▶ Exercise objective: Reproduce all of the data exactly. Images are not to appear in the reply.

--- Information provided ---

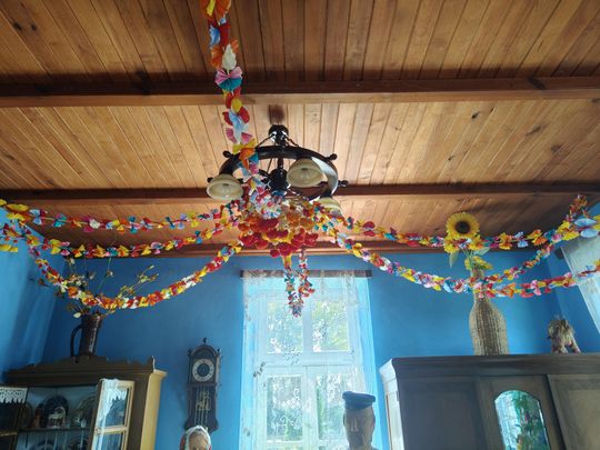 A kiedy Kurpianka używa słowa PAJĄK, to wiadomo jak to, że Gomulicki nazwał naszą Narew BŁĘKITNĄ, że biega o PAJĄKA podsufitowego, ozdobnego, wykonanego z barwnej bibułki (kokardki, pompony) i słomek. Białopuszczańskie gospodynie zawieszały je pośrodku powały na Boże Narodzenie. Tak stroiły izbę (przez cały rok), niosąc gospodarzom dobrobyt, zdrowie, pomyślność w pracach gospodarskich, a kiedy poruszały się samoistnie, to i nawet szczęście.
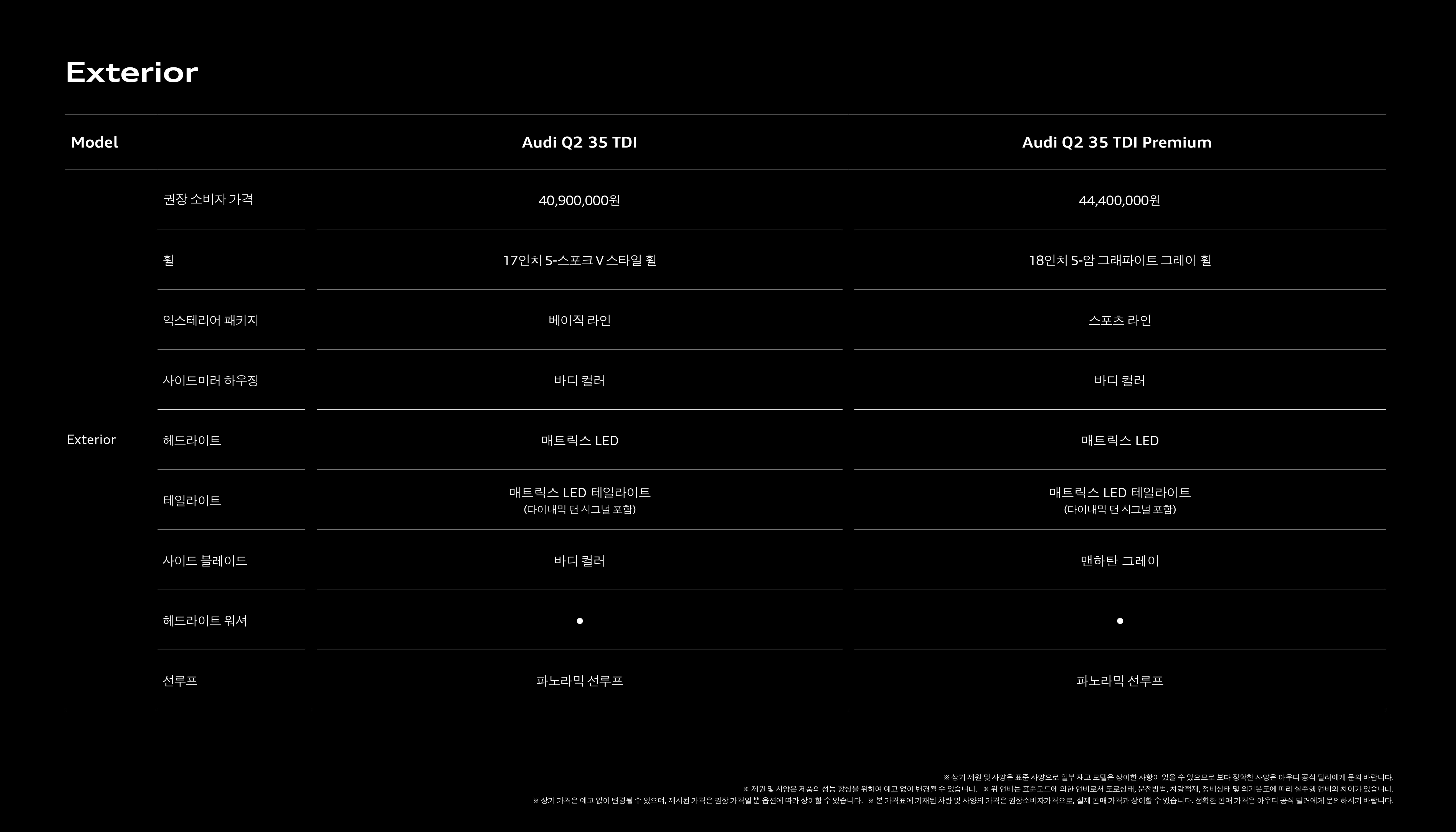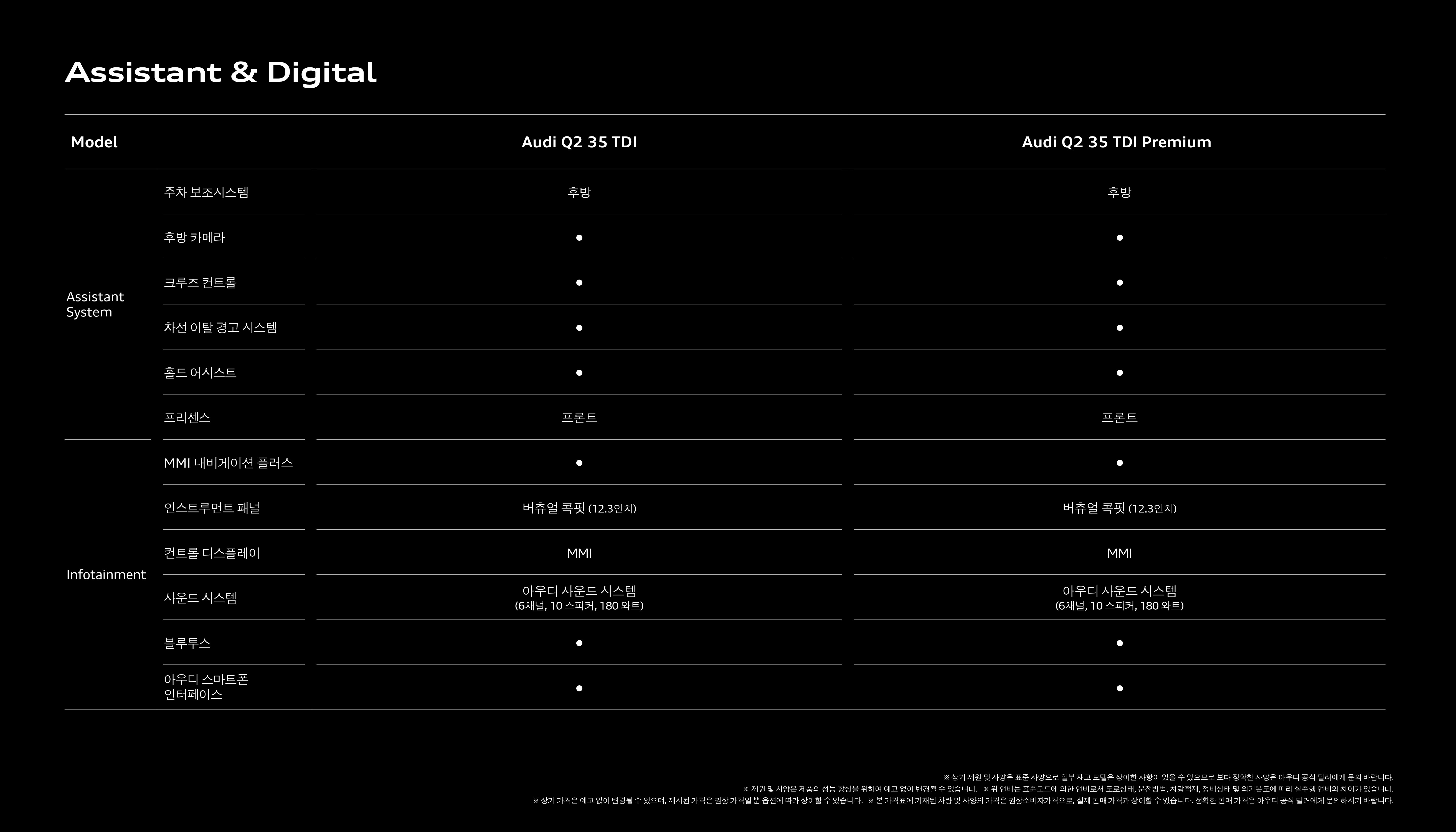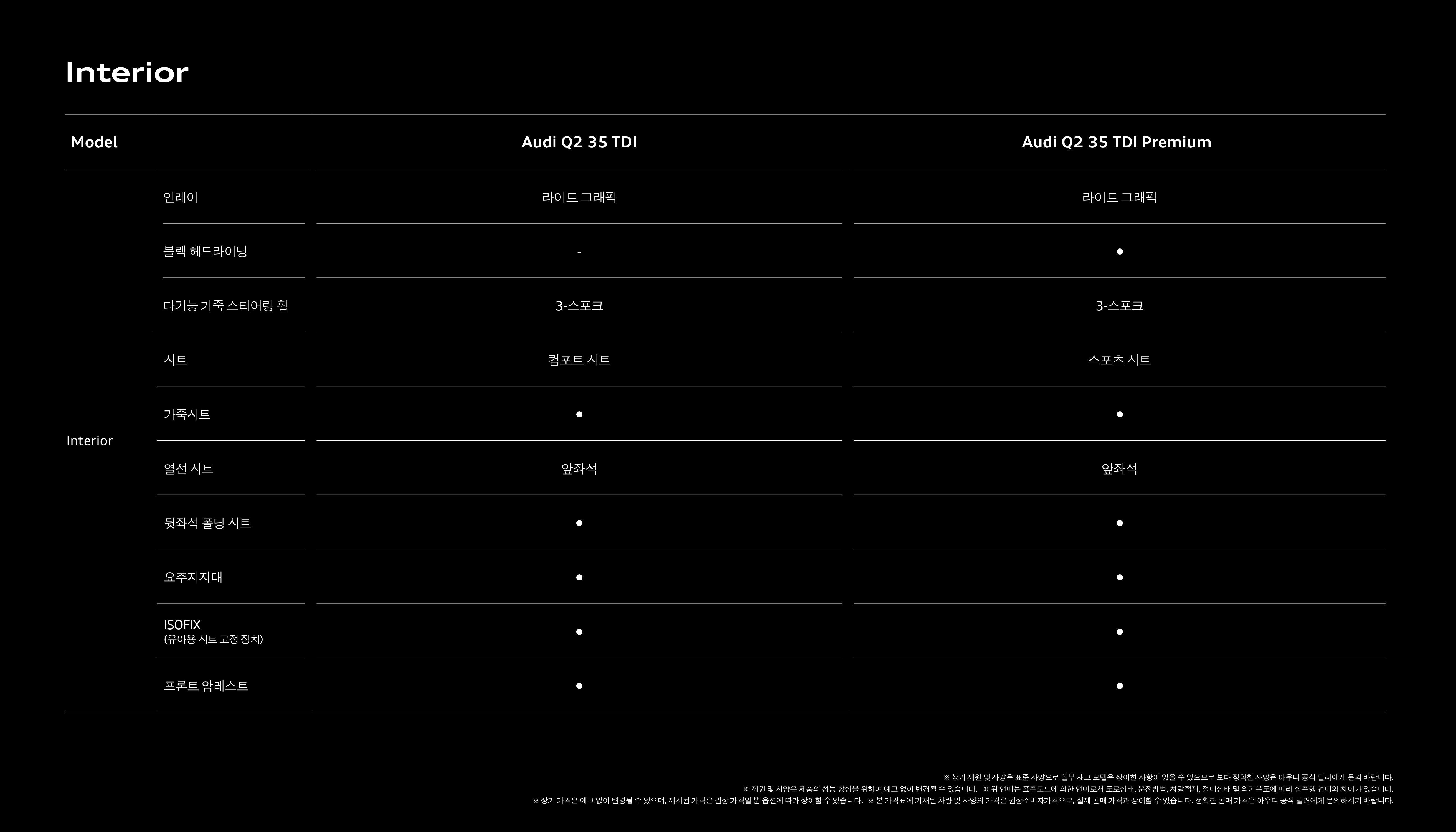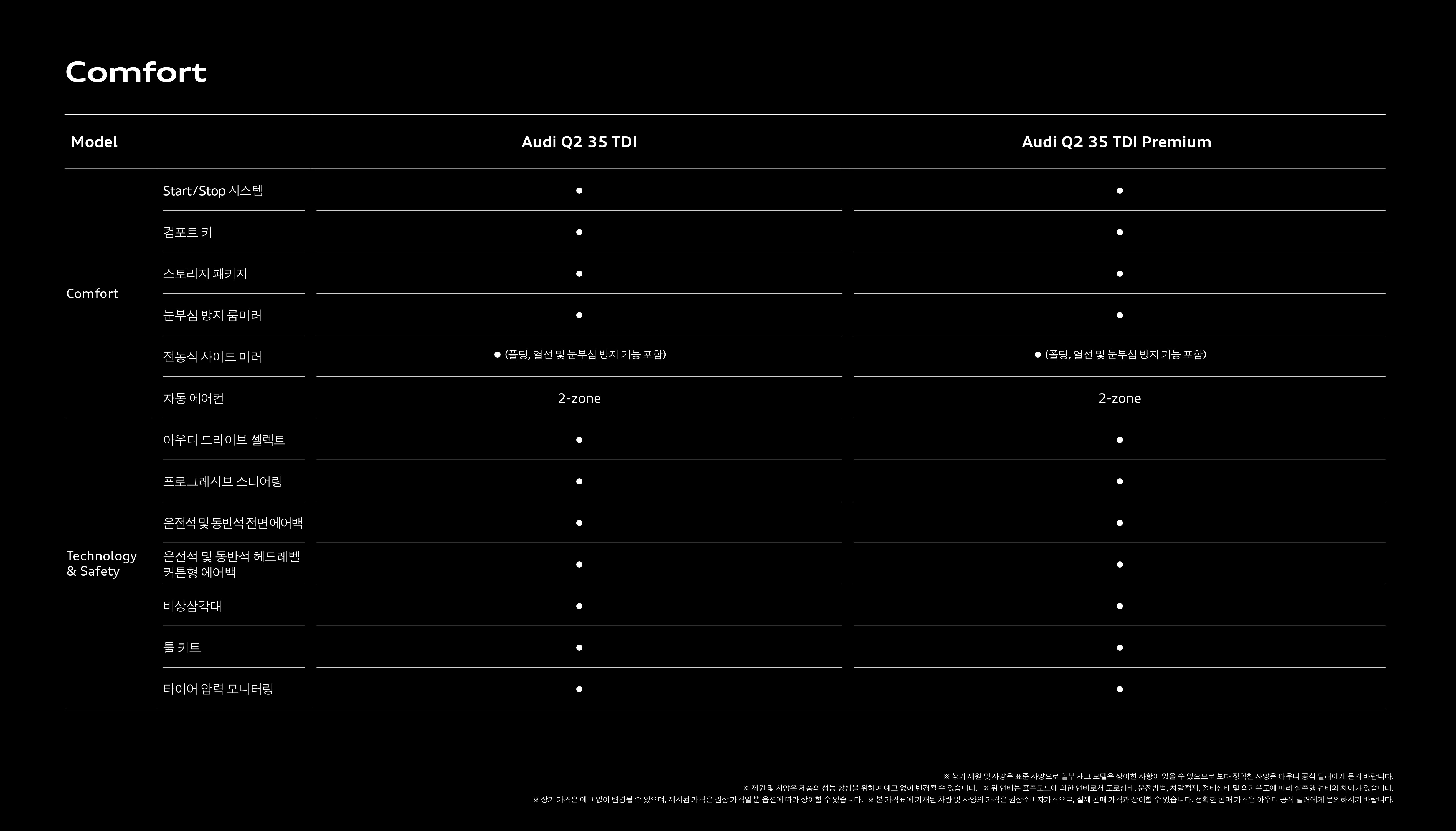 마지막으로 Q2 35TDI 컴포트 및 프리미엄 간의 스펙 비교인데, 크게 의미는 없습니다.
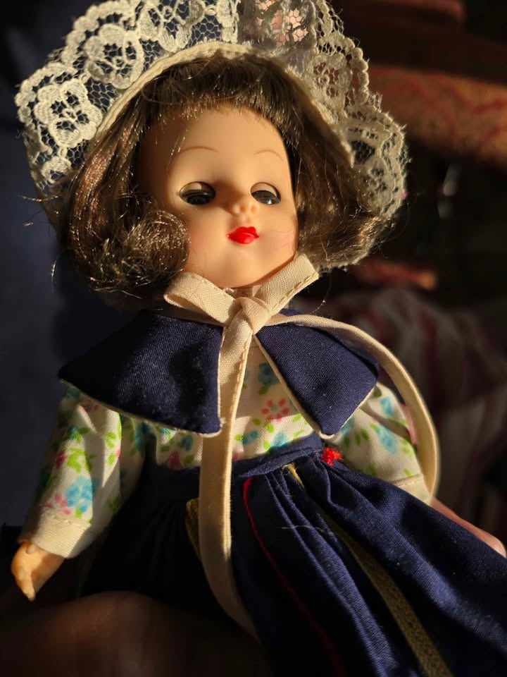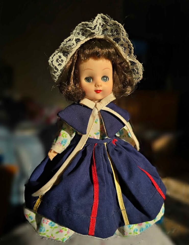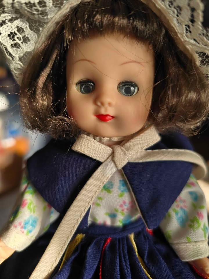 Vintage 1970s Ginny doll. Eyes open and close. Arms, head, and legs move. Clothes have never been removed, just sat on shelf. Includes black shoes. Dressed in European folk attire similar to Madame Alexander's Canada doll. Her adorable face needs a new home!

---

▶ Task output:
 A kiedy Kurpianka używa słowa PAJĄK, to wiadomo jak to, że Gomulicki nazwał naszą Narew BŁĘKITNĄ, że biega o PAJĄKA podsufitowego, ozdobnego, wykonanego z barwnej bibułki (kokardki, pompony) i słomek. Białopuszczańskie gospodynie zawieszały je pośrodku powały na Boże Narodzenie. Tak stroiły izbę (przez cały rok), niosąc gospodarzom dobrobyt, zdrowie, pomyślność w pracach gospodarskich, a kiedy poruszały się samoistnie, to i nawet szczęście.
 마지막으로 Q2 35TDI 컴포트 및 프리미엄 간의 스펙 비교인데, 크게 의미는 없습니다.
 Vintage 1970s Ginny doll. Eyes open and close. Arms, head, and legs move. Clothes have never been removed, just sat on shelf. Includes black shoes. Dressed in European folk attire similar to Madame Alexander's Canada doll. Her adorable face needs a new home!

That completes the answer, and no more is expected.